请注意，使用“missing”kwarg，您可以完全控制缺失项目的行为，并且它也适用于 nd 数组（fi；图像堆栈）。

X=[520000,28,28]更新：使用与@Rik和相同的形状searched_values=[20000,28,28]，它在中运行0.8064 secs，使用 missing=-1 来检测并表示 X 中不存在的条目。

解决方案 3：

另一种方法是将asvoid（下面）view每行用作 dtype
的单个void值。这会将 2D 数组简化为 1D 数组，从而允许您np.in1d照常使用：

import numpy as np

def asvoid(arr):
    """
    Based on http://stackoverflow.com/a/16973510/190597 (Jaime, 2013-06)
    View the array as dtype np.void (bytes). The items along the last axis are
    viewed as one value. This allows comparisons to be performed which treat
    entire rows as one value.
    """
    arr = np.ascontiguousarray(arr)
    if np.issubdtype(arr.dtype, np.floating):
        """ Care needs to be taken here since
        np.array([-0.]).view(np.void) != np.array([0.]).view(np.void)
        Adding 0. converts -0. to 0.
        """
        arr += 0.
    return arr.view(np.dtype((np.void, arr.dtype.itemsize * arr.shape[-1])))

X = np.array([[4,  2],
              [9,  3],
              [8,  5],
              [3,  3],
              [5,  6]])

searched_values = np.array([[4, 2],
                            [3, 3],
                            [5, 6]])

idx = np.flatnonzero(np.in1d(asvoid(X), asvoid(searched_values)))
print(idx)
# [0 3 4]

解决方案 4：

这是一个相当快的解决方案，使用 numpy 和 hashlib 可以很好地扩展。它可以在几秒钟内处理大维矩阵或图像。我在 2 秒内用我的 CPU 处理了 520000 X（28 X 28）数组和 20000 X（28 X 28）数组

代码：

import numpy as np
import hashlib


X = np.array([[4,  2],
              [9,  3],
              [8,  5],
              [3,  3],
              [5,  6]])

searched_values = np.array([[4, 2],
                            [3, 3],
                            [5, 6]])

#hash using sha1 appears to be efficient
xhash=[hashlib.sha1(row).digest() for row in X]
yhash=[hashlib.sha1(row).digest() for row in searched_values]

z=np.in1d(xhash,yhash)  

##Use unique to get unique indices to ind1 results
_,unique=np.unique(np.array(xhash)[z],return_index=True)
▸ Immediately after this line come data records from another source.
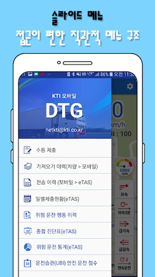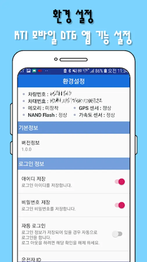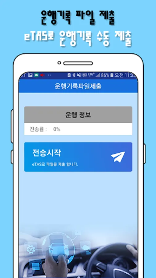 It is an application that automatically submits the driving record received through Bluetooth from the terminal mounted on the vehicle to the driving record analysis system (eTAS) by logging in with the log-in account (driver account) of the Transportation Safety Authority driving record analysis system (eTAS).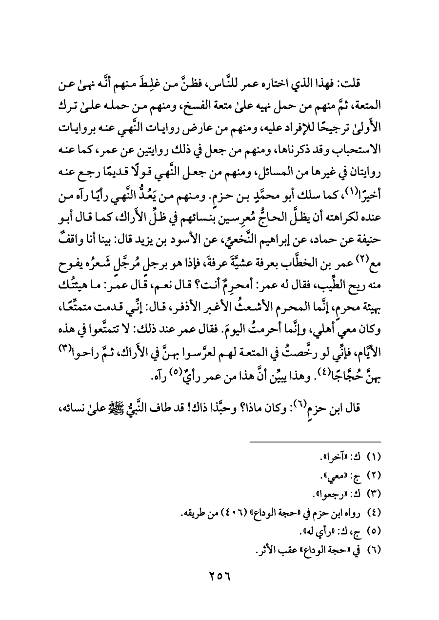 قلت: فهذا الذي اختاره عمر للنَّاس، فظنَّ من غلِطَ منهم أنَّه نهى عن المتعة، ثمَّ منهم من حمل نهيه على متعة الفسخ، ومنهم من حمله على ترك الأَولى ترجيحًا للإفراد عليه، ومنهم من عارض روايات النَّهي عنه بروايات الاستحباب وقد ذكرناها، ومنهم من جعل في ذلك روايتين عن عمر، كما عنه روايتان في غيرها من المسائل، ومنهم من جعل النَّهي قولًا قديمًا رجع عنه أخيرًا (¬١)، كما سلك أبو محمَّدٍ بن حزمٍ. ومنهم من يَعُدُّ النَّهي رأيًا رآه من عنده لكراهته أن يظلَّ الحاجُّ مُعرِسين بنسائهم في ظلِّ الأَراك، كما قال أبو حنيفة عن حماد، عن إبراهيم النَّخعيِّ، عن الأسود بن يزيد قال: بينا أنا واقفٌ مع (¬٢) عمر بن الخطَّاب بعرفة عشيَّةَ عرفةَ، فإذا هو برجلٍ مُرجَّلٍ شَعرُه يفوح منه ريح الطِّيب، فقال له عمر: أمحرِمٌ أنت؟ قال نعم، قال عمر: ما هيئتُك بهيئة محرمٍ، إنَّما المحرم الأشعثُ الأغبر الأذفر، قال: إنِّي قدمت متمتِّعًا، وكان معي أهلي، وإنَّما أحرمتُ اليومَ. فقال عمر عند ذلك: لا تتمتَّعوا في هذه الأيَّام، فإنِّي لو رخَّصتُ في المتعة لهم لعرَّسوا بهنَّ في الأَراك، ثمَّ راحوا (¬٣) بهنَّ حُجَّاجًا (¬٤). وهذا يبيِّن أنَّ هذا من عمر رأيٌ (¬٥) رآه.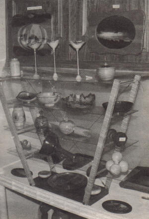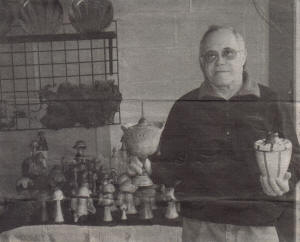 Wendell Ziegler of rural Neillsville holds a decorative centerpiece (left) made of Big Leaf Maple and a decoration (right) made of many types of wood, including maple, walnut and ebony. Ziegler displayed and sold many of his wood creations, including his best-selling wood mushrooms (shown at left) and many other items during the first ever Clark county Economic Development Corporation (CCEDC) and Tourism Bureau Studio Art Tour, held Saturday, April 30, and Sunday, May 1, at area artists’ home. The photo below shows more of his artistic work. (Photos by Peter Spicer/Clark County Press)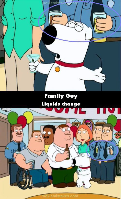 Continuity mistake: When Brian is giving his speech at the end, it shows two policemen. The one on the left has a brown drink and the one on the right has a yellow drink. But in the next shot, the one on the right has a yellow drink and the one on the left has a clear drink. (00:21:05)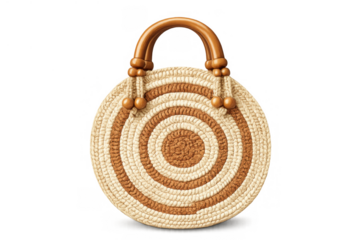 Round straw handbag with woven concentric pattern and wooden handles, bohemian beach accessory on transparent background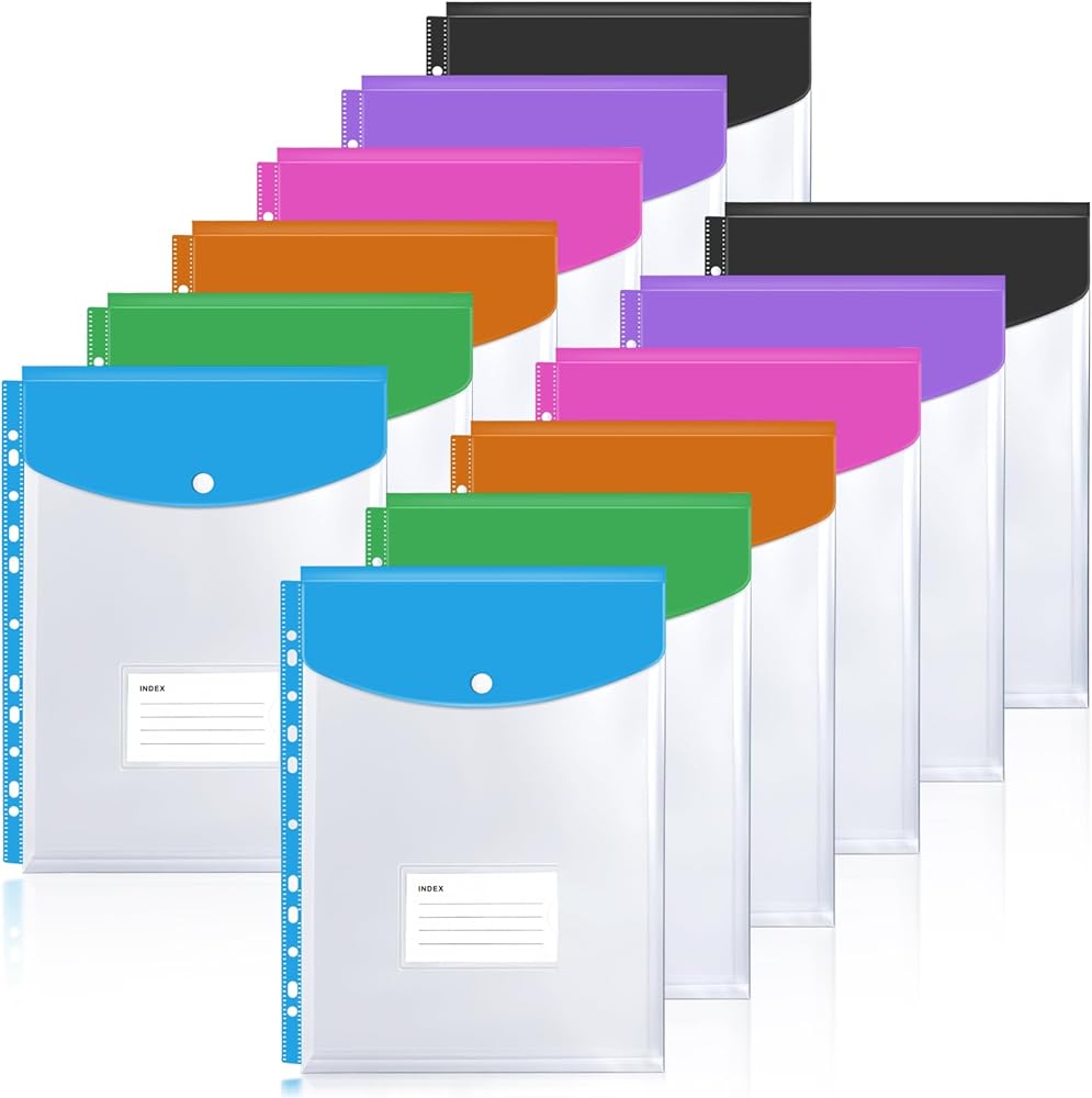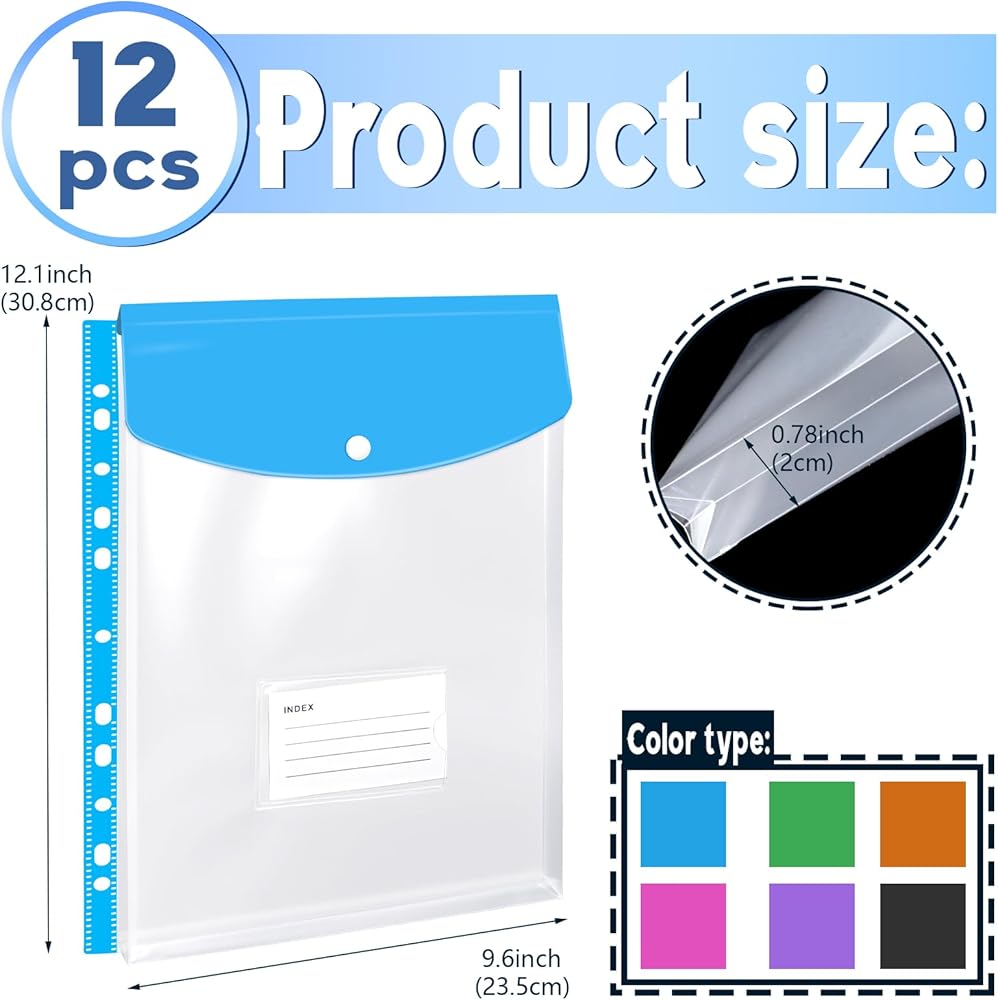 DLOnline 12 Pack Binder Pocket Expandable Folders 11 Holes Plastic Envelopes for 2/3/4 Ring Binder A4/Letter Document Pouch for School Home Office (Vertical-Opening)

##Compute unique indices by indexing an array of indices
idx=np.array(range(len(xhash)))
unique_idx=idx[z][unique]

print('unique_idx=',unique_idx)
print('X[unique_idx]=',X[unique_idx])

输出：

unique_idx= [4 3 0]
X[unique_idx]= [[5 6]
 [3 3]
 [4 2]]

解决方案 5：

X = np.array([[4,  2],
              [9,  3],
              [8,  5],
              [3,  3],
              [5,  6]])

S = np.array([[4, 2],
              [3, 3],
              [5, 6]])

result = [[i for i,row in enumerate(X) if (s==row).all()] for s in S]

或者

result = [i for s in S for i,row in enumerate(X) if (s==row).all()]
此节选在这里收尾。